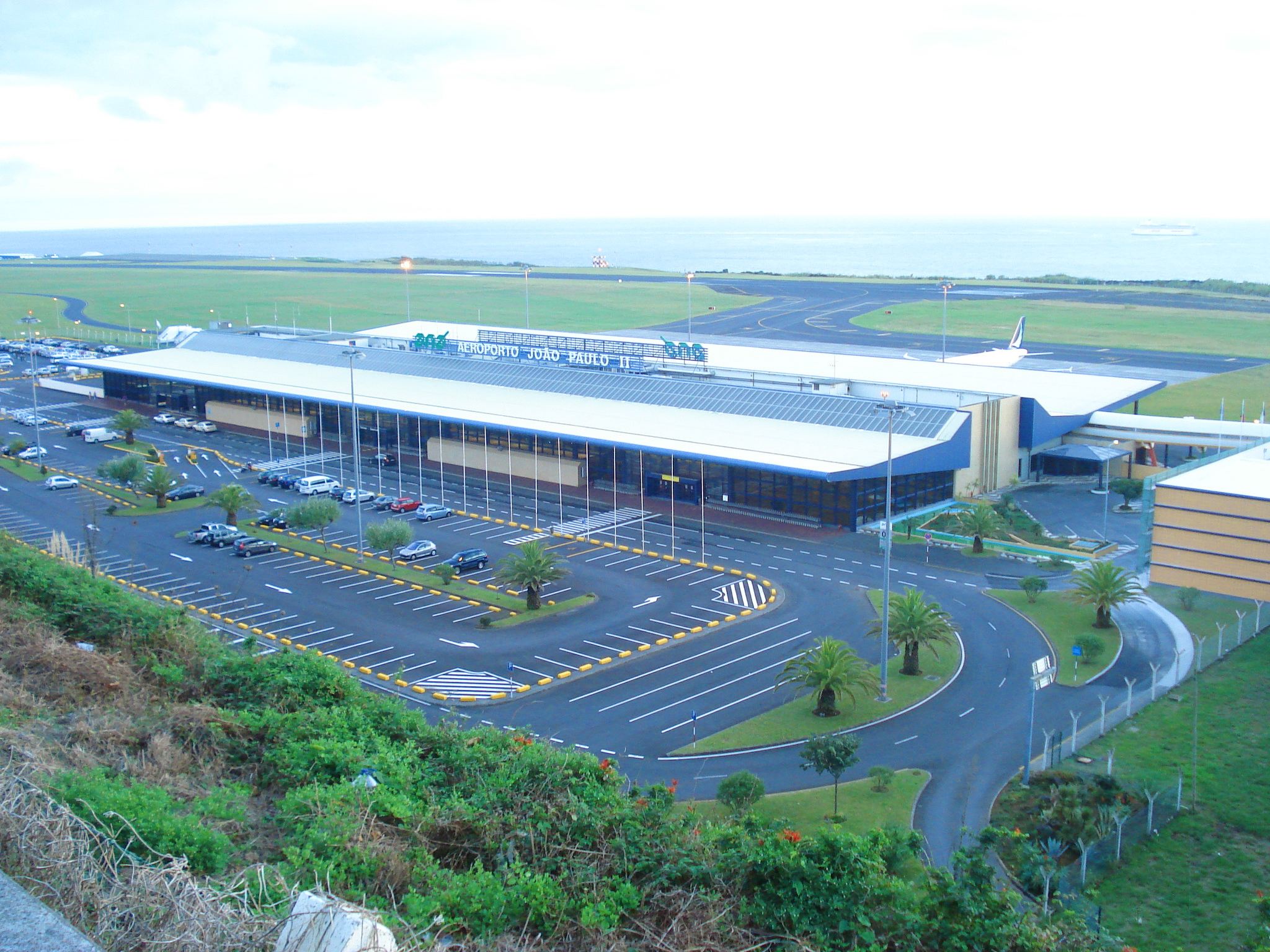 The main terminal building of the João Paulo II International Airport, civil parish of Relva, municipality of Ponta Delgada (Azores), Portugal
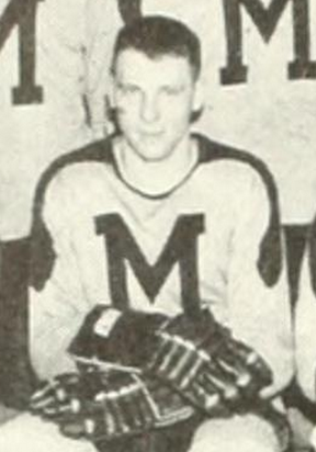 Willie Marshall, circa 1950
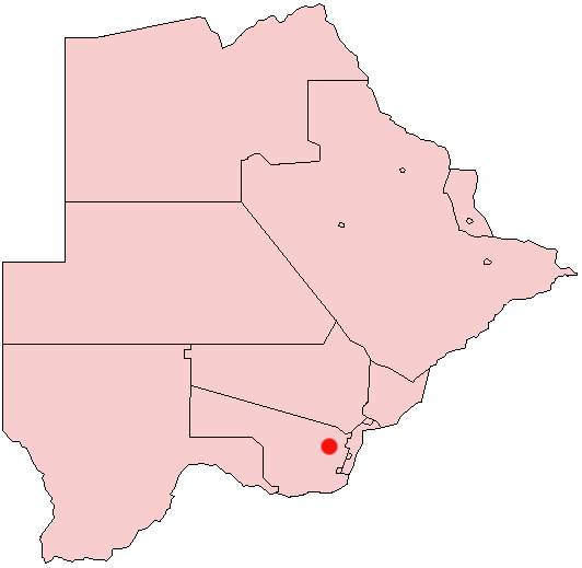 Kang, Botswana Location Map; created with the GIMP. Made by User:Acntx.
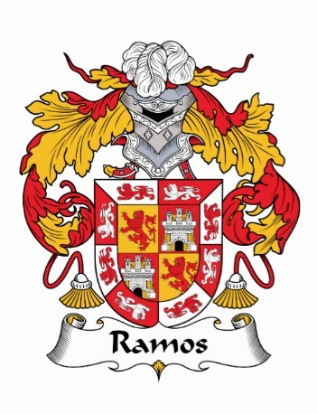 The Portuguese Branch of Ramos Family coat of arms
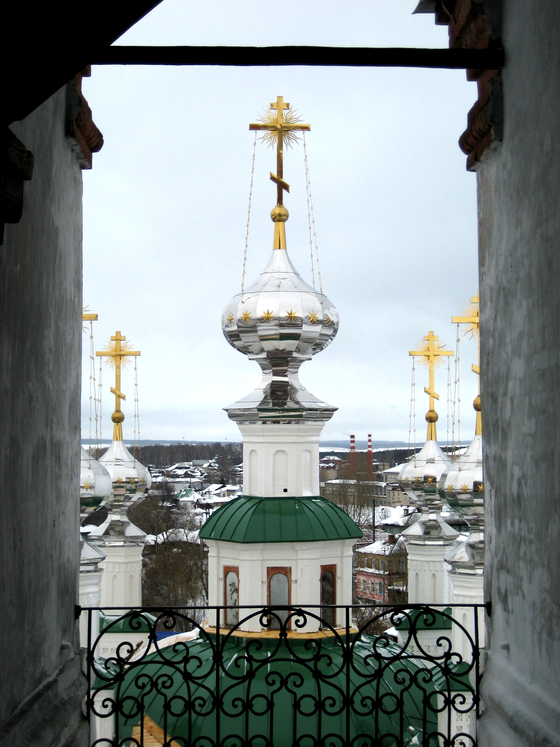 Church of icon Our Lady of Tikhvin. Тихвинский храм
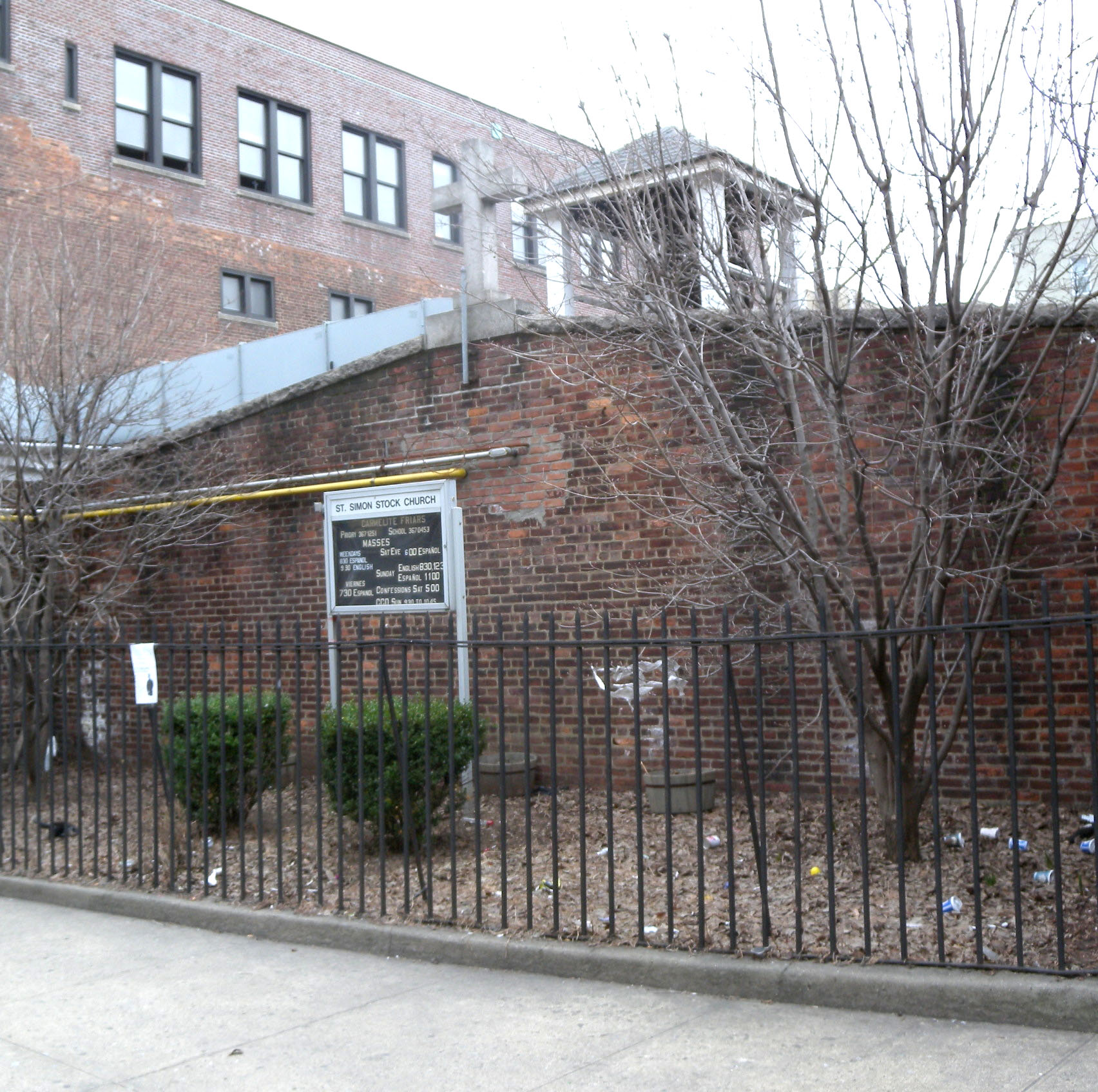 Looking southeast at St Simon Stock Catholic Church on a cloudy afternoon.
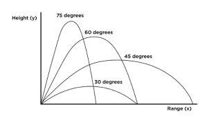 A graph of launch angles
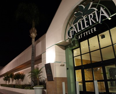 Northeastern entrance to the Galleria at Tyler shopping mall entrance in Riverside, California. View looking south. This photograph was taken with an Olympus E-510 DSLR camera and edited (sharpness, crop) using ArcSoft PhotoStudio 5.5)
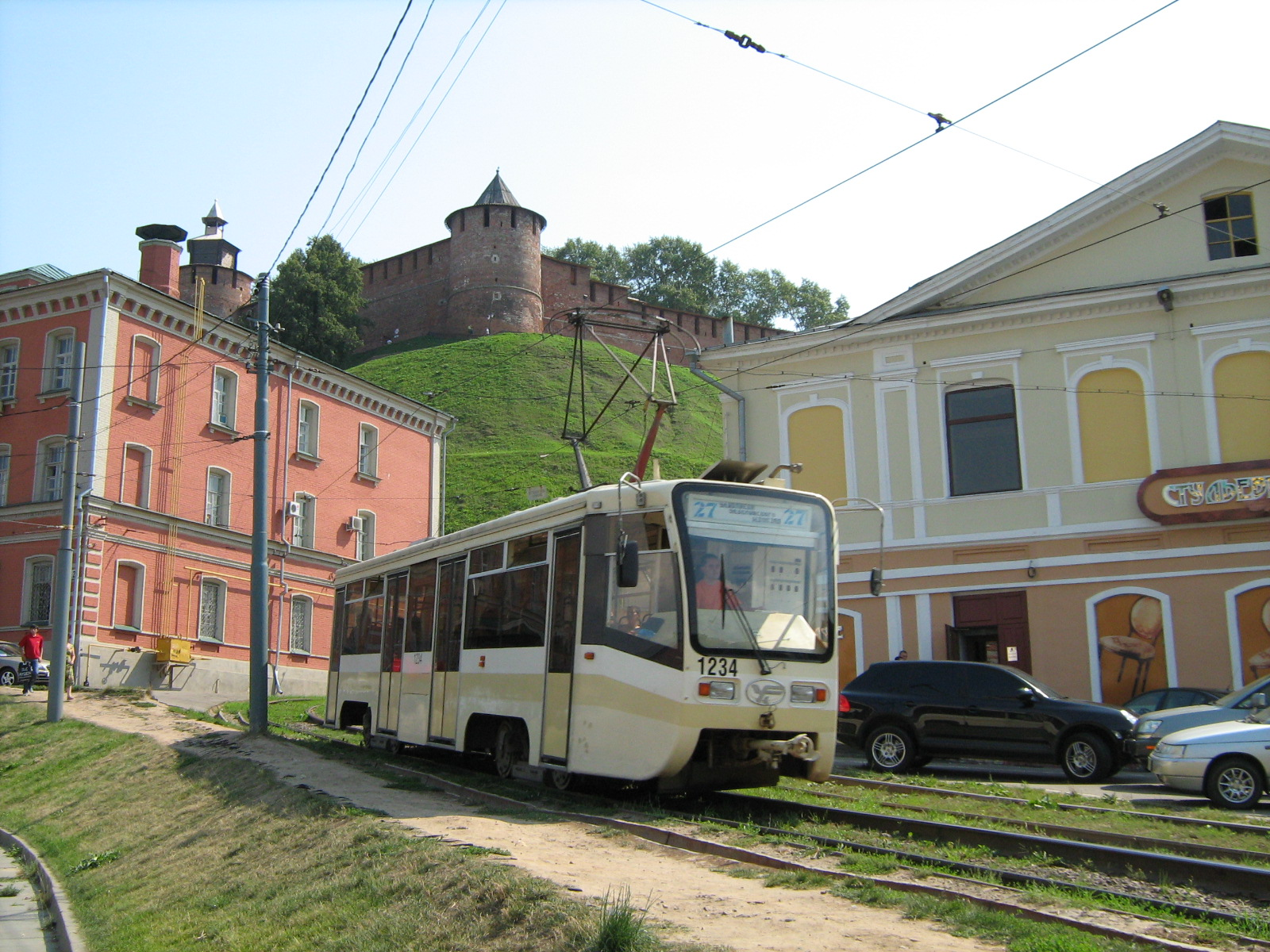 A streetcar going downhill by the Skoba Square in Nizhny Novgorod. The orange building to the left is former Bugrov's homeless shelter (now the office of the Federal Migration Service). In the background - Nizhny Novgorod Kremlin.
+ + + +
Transcribe the data completely. No pictures should appear in the transcription.

EXERCISE ANSWER:
 The main terminal building of the João Paulo II International Airport, civil parish of Relva, municipality of Ponta Delgada (Azores), Portugal
 Willie Marshall, circa 1950
 Kang, Botswana Location Map; created with the GIMP. Made by User:Acntx.
 The Portuguese Branch of Ramos Family coat of arms
 Church of icon Our Lady of Tikhvin. Тихвинский храм
 Looking southeast at St Simon Stock Catholic Church on a cloudy afternoon.
 A graph of launch angles
 Northeastern entrance to the Galleria at Tyler shopping mall entrance in Riverside, California. View looking south. This photograph was taken with an Olympus E-510 DSLR camera and edited (sharpness, crop) using ArcSoft PhotoStudio 5.5)
 A streetcar going downhill by the Skoba Square in Nizhny Novgorod. The orange building to the left is former Bugrov's homeless shelter (now the office of the Federal Migration Service). In the background - Nizhny Novgorod Kremlin.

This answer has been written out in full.